Le pipi des buissons ou bec-figue de vigne (Anthus arboreus, Bechstein), du 5 au 20 septembre; le pipi farlouse ou petit-bec-figue (Anthus pratensis, Bechs.), du 25 septembre au 15 février; le pipi pioncelle (Anthus aquaticus, Bechs.), du 1er octobre au 15 février.
Le fringille moineau (Fringilla domestica, Lin.), du 25 août au 15 novembre; le fringille chardonneret (Fr. Carduelis, Lin.), du 25 août au 15 octobre; le fringille linotte (Fr. Cannabina, Brehm.), du 15 octobre au 15 février; le fringille pinson d'Ardenne ou niais (Fr.

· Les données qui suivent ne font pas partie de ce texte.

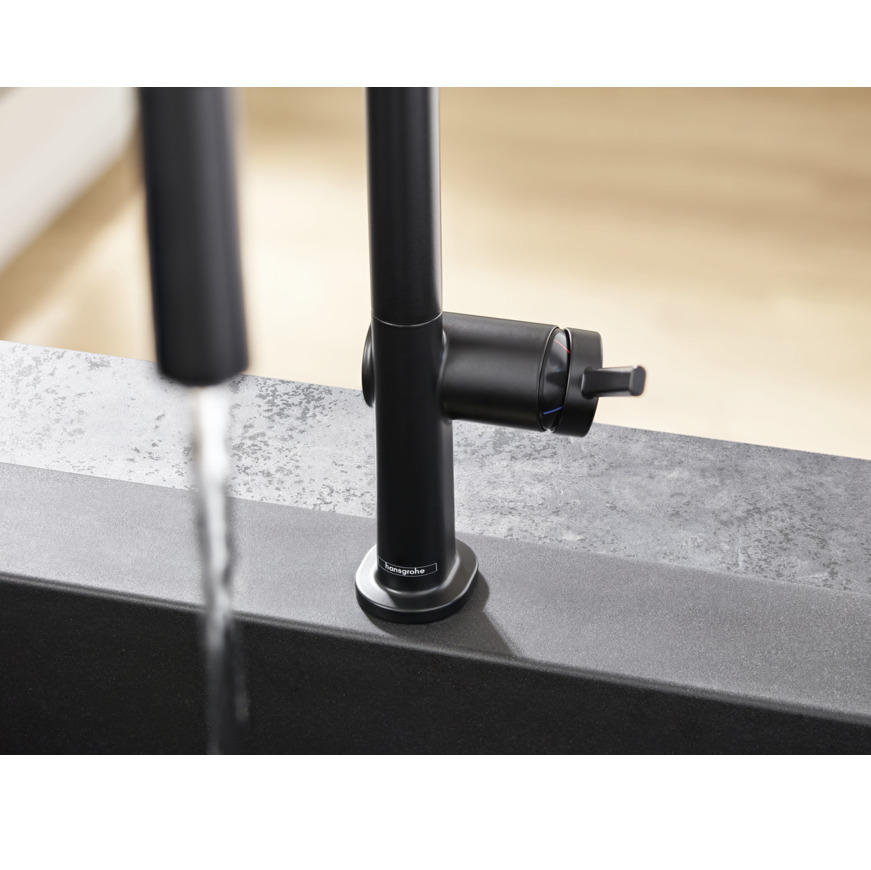 Hansgrohe Talis M54 Mitigeur de cuisine 210, avec douchette extractible 2 jets, Noir mat (72800670)

Montifringilla, Lin.), du 15 novembre au 15 février, c'est-à-dire pendant la saison d'hiver; le fringille pinson (Fr. coeleds, Lin.), le fringille friquet (Fr. montana, Lin.), le fringille soulcie (Fr. pnetronia, Lin.) et le fringille verdier (Loxia Chloris, Lin.). qui passent également pendant l'hiver.

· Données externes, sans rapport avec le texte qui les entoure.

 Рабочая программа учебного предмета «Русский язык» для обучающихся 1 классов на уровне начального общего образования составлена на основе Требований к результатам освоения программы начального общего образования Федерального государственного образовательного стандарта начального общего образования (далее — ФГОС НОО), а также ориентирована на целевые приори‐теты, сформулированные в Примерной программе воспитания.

Le bruant jaune (Emberiza citrinella, Lin.) et le bruant ou rossette des haies (Emb. cirlus, Lin.), pendant l'hiver.
L'alouette commune (Alauda arvensis, Lin.), l'alouette cochevis (Al. cristata, Lin.) et l'alouette lulu (Al. arborea, Lin.), du 15 octobre au 15 février.
Le traquet tarier ou pied noir (Saxicola rubetra, Meyer), du 5 septembre au 10 octobre.

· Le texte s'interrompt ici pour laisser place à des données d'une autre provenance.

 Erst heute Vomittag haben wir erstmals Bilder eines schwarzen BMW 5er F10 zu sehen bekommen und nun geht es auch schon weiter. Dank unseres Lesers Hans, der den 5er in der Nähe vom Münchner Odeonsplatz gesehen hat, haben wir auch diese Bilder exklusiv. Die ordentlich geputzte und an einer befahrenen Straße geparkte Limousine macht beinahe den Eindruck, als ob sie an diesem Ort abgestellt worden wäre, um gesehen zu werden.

Le principal engin de la chasse est un filet composé de deux nappes rectangulaires, longues chacune de 10m et hautes de 1m 60. Ces deux nappes se tendent parallèlement, sur un sol horizontal, soutenues par des bâtons de même hauteur, de manière que leurs longs [62] côtés parallèles les plus rapprochés soient distants de 2m 50. Ces deux nappes peuvent, à la volonté du chasseur, tourner rapidement autour de ces deux côtés faisant office de charnières, et se croisent, en se recouvrant, sur une largeur de 0m 35. Ce mouvement emprisonne les oiseaux qui volent à une hauteur moindre qu'un mètre au-dessus de l'espace compris entre les filets. Pour déterminer les oiseaux à se jeter dans cet espace, le chasseur a recours à divers moyens ingénieux fondés sur la connaissance des mœurs de chaque espèce et qui exigent, pour la plupart, une longue pratique. Le moyen le plus ordinaire pour les bergeronnettes, les pipis et les alouettes sont l'imitation du cri de l'oiseau libre et l'emploi d'oiseaux captifs de même espèce qu'on fait voleter, au moyen de bascules, entre les filets. Les moments les plus favorables pour la chasse sont, les jours de beau temps, le matin de 8 à 11 heures, et le soir pendant la demi-heure qui précède le coucher du soleil.
L'ouvrier décrit dans la présente monographie est fort habile dans ce genre de chasse et ne pratique guère que celle du matin: il prend moyennement à chaque chasse 8 douzaines d'oiseaux.